Now you'll need to map the data that is returned from the sources to columns in the sheet. The mappings.json file contains mappings for each of the sheets updated by the Smartsheet Data Tracker. In this file the columns from the external system, or source, are mapped to corresponding columns in the sheet.

The following are examples of different types of mapping nodes found in the mappings.json file, covering the most common mapping cases.

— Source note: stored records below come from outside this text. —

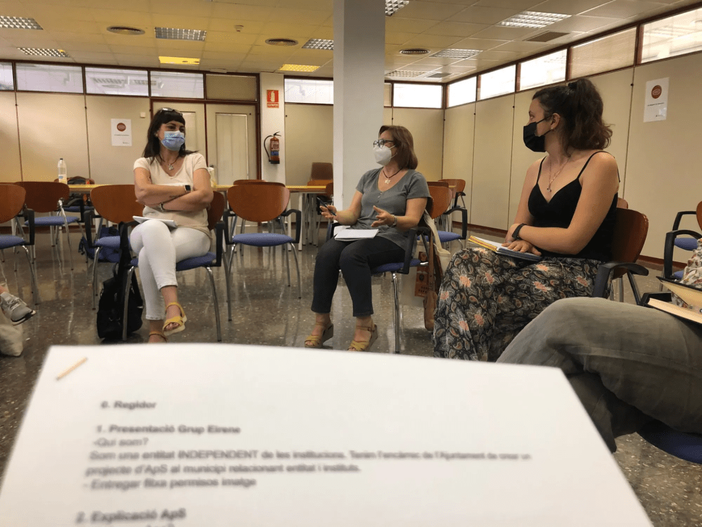 Seguint aquests propòsits, des del Grup Eirene ens encarreguem de contactar amb les entitats i els centres educatius explicant el projecte, els oferim una formació teòrica i els ajudem a la construcció de projectes d’ApS. A més, facilitem tots els recursos pedagògics als docents, a través de l’elaboració d’una guia didàctica, on es detalla totes les fases del procés de sensibilització de l’alumnat. D’aquesta manera, establim les bases per la instauració dels ApS a un municipi determinat.
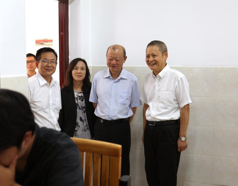 9月14日下午,自治区人大常委会委员、教科文卫委主任委员黄宇到鸭脖百东校区调研。图为黄宇主任(右一)在检查师生课堂情况。
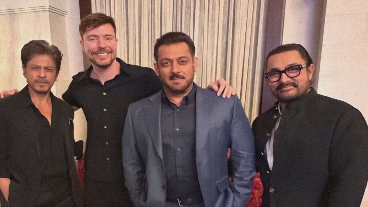 The viral photo, taken at the Joy Forum 2025 in Riyadh, Saudi Arabia, shows MrBeast posing with the three Khans. In the picture, Shah Rukh and Salman look dapper in tailored suits, while Aamir stands out in a classy black kurta paired with white pants. MrBeast keeps it stylish in an all-black outfit and adds a playful caption: “Hey India, should we all do something together?” This cryptic line immediately sent fans into a frenzy, fueling rumors of a possible collaboration.
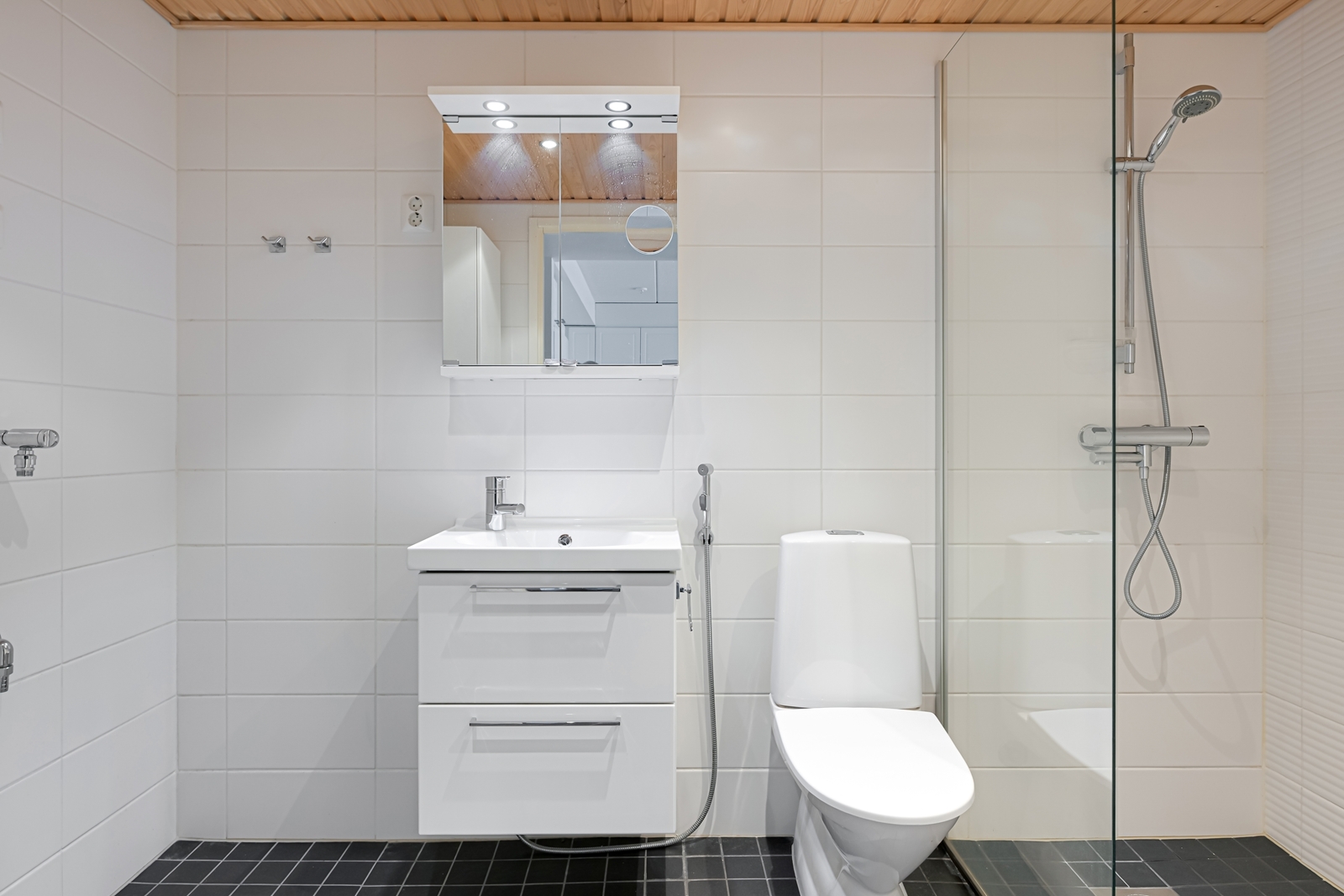 Suihkuseinä, pesukoneliitäntä, wc-istuin, peilikaappi, suihku, allaskaappi ja lattialämmitys, seinät (kaakeli), lattiat (laatta) |
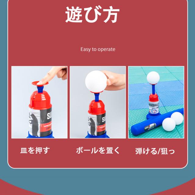 ・遊び方 ランチャー(発射台)にボールを置きます。数秒後ボールが自動で跳ね上がるので、それをバッティングするだけ!
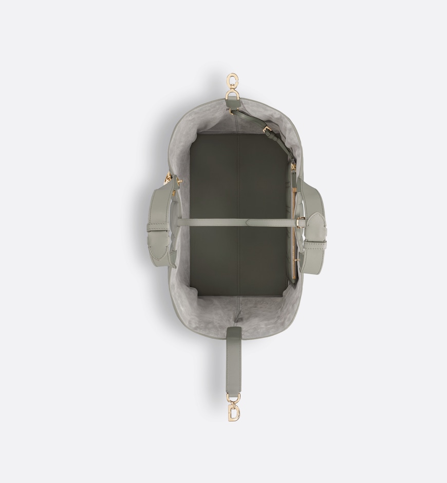 • The Dior Toujours bag is distinguished by a casual and practical design. Crafted in stone gray calfskin with Macrocannage topstitching, it showcases a spacious interior compartment with a matching pouch to organize the essentials. Its thin leather strap closure keeps items secure while the D of the CD Lock clasp twists to adjust the sides and enhance the bag’s silhouette. The leather handles can be adjusted using the small notches in order to be able to carry the large bag by hand or wear it over the shoulder.
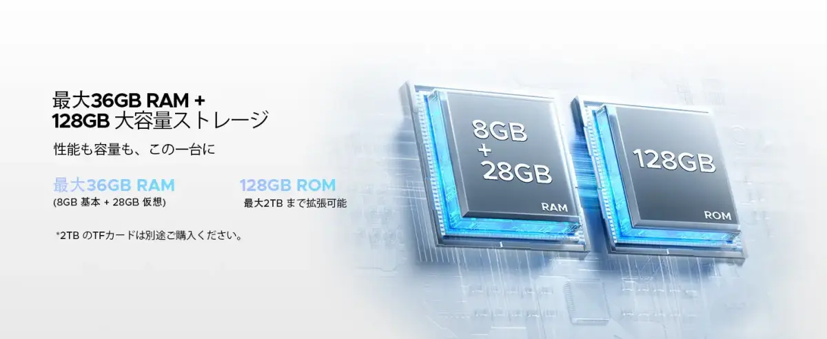 Tab G6 Proは36GBの仮想RAM+128GBストレージを搭載。複数アプリを同時に起動しても動作が重くならず、動画編集や軽量ゲームもスムーズに楽しめます。MediaTek Helio G100オクタコアプロセッサとMali-G52 MC2 GPUにより、マルチウィンドウ作業も快適です。microSDカードスロットを使えば最大2TBまで拡張可能です。
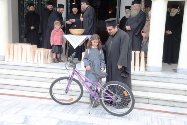 Ο Σεβασμιώτατος κ. Θεολόγος ευλόγησε με την πατρική του παρουσία όλους και βέβαια ήταν εκεί και στην κλήρωση που ακολούθησε για τα παιδιά με πλούσια δώρα. Κατ’ αυτή κληρώθηκαν βιβλία, ποδήλατα, επιτραπέζια παιχνίδια και δόθηκαν διάφορα γλυκίσματα. Ευχή και προσευχή όλων ήταν τα φετινά Χριστούγεννα να μοσχοβολήσουν από πίστη, χαρά, ελπίδα και αγάπη.
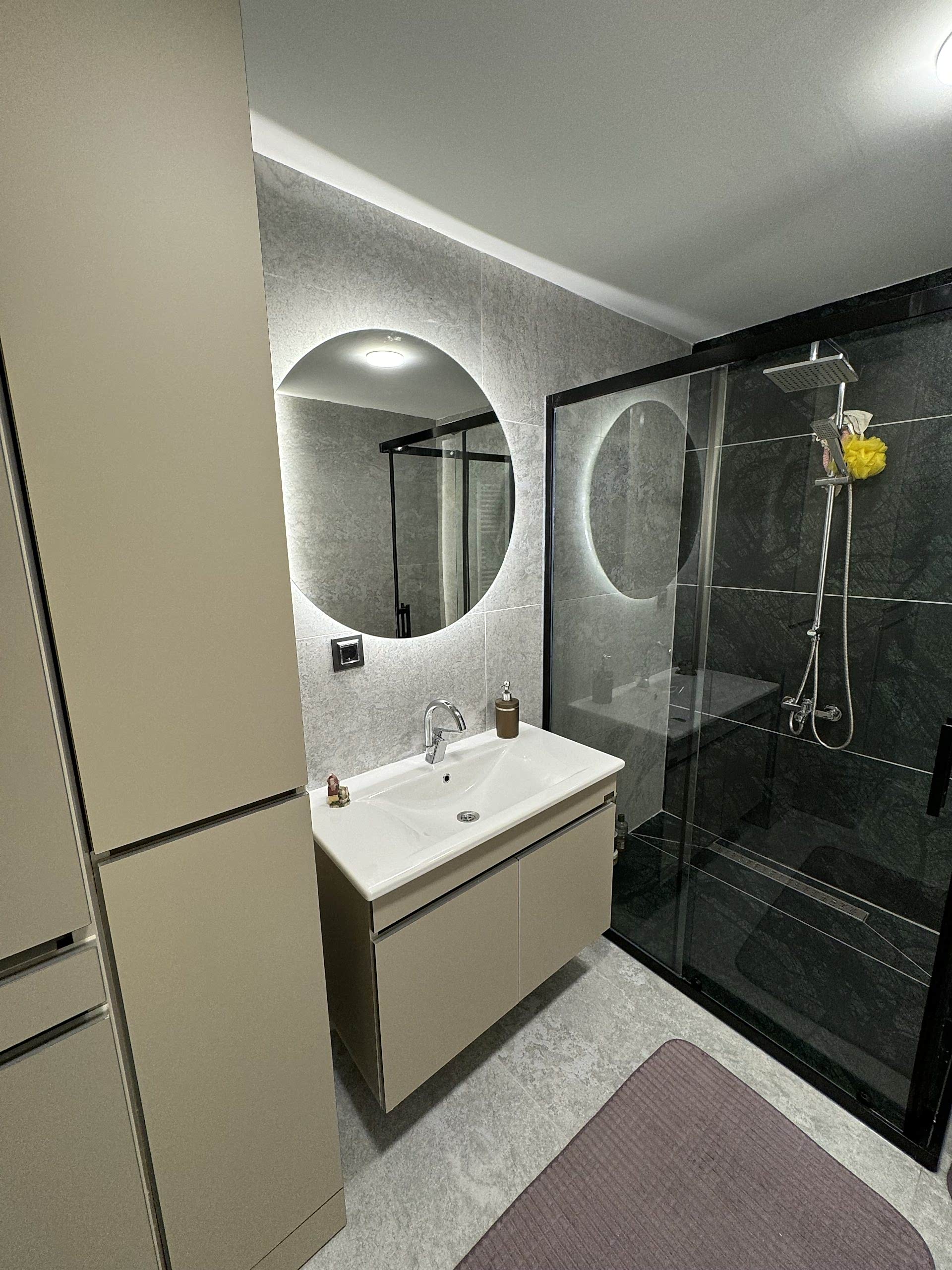 Banyoda, kaliteli seramikler, şık bataryalar ve modern vitrifiyelerle estetik bir görünüm sağlandı. Malzeme seçiminde hem uzun yıllar kullanılabilirlik hem de modern tasarım anlayışı esas alındı. Bu detaylar, müşterimizin konforunu artırırken banyoyu görsel açıdan da zenginleştirdi.

This first mapping example shows the most common use of sourceKey, assigning it to a key name. This method is used when a source - such as an API or OpenLDAP - return an array of key-value pairs, and the key names can be assigned to sourceKey as follows:

{
    "sourceId": "jiraIssueAPI",
    "lookupMapping": {
        "sourceKey": "key",
        "sheetColumn": "Issue ID"
    },
    "outputMappings": [
        {
            "sourceKey": "statusName",
            "sheetColumn": "Status"
        },
        {
            "sourceKey": "summary",
            "sheetColumn": "Subject"
        }
    ]
}

In situations where the source returns an indexed array of values, such as with a CSV source, the sourceKey uses the index position of the value it's mapping to, like so:

{
    "sheetId": 1234567890123456,
    "sources": [
        {
            "sourceId": "employees",
            "lookupMapping": {
                "sourceKey": 0,
                "sheetColumn": "UserId"
            },

            "outputMappings": [
                {
                    "sourceKey": 2,
                    "sheetColumn": "Department"
                },
                {
                    "sourceColumnIndex": 1,
                    "sheetColumn": "Email"
                }
            ]
        }
    ]
}

Each mapping configuration is made up of the following attributes:

  • sheetId -- The id of the sheet to be updated. There are two ways to find a sheet’s ID.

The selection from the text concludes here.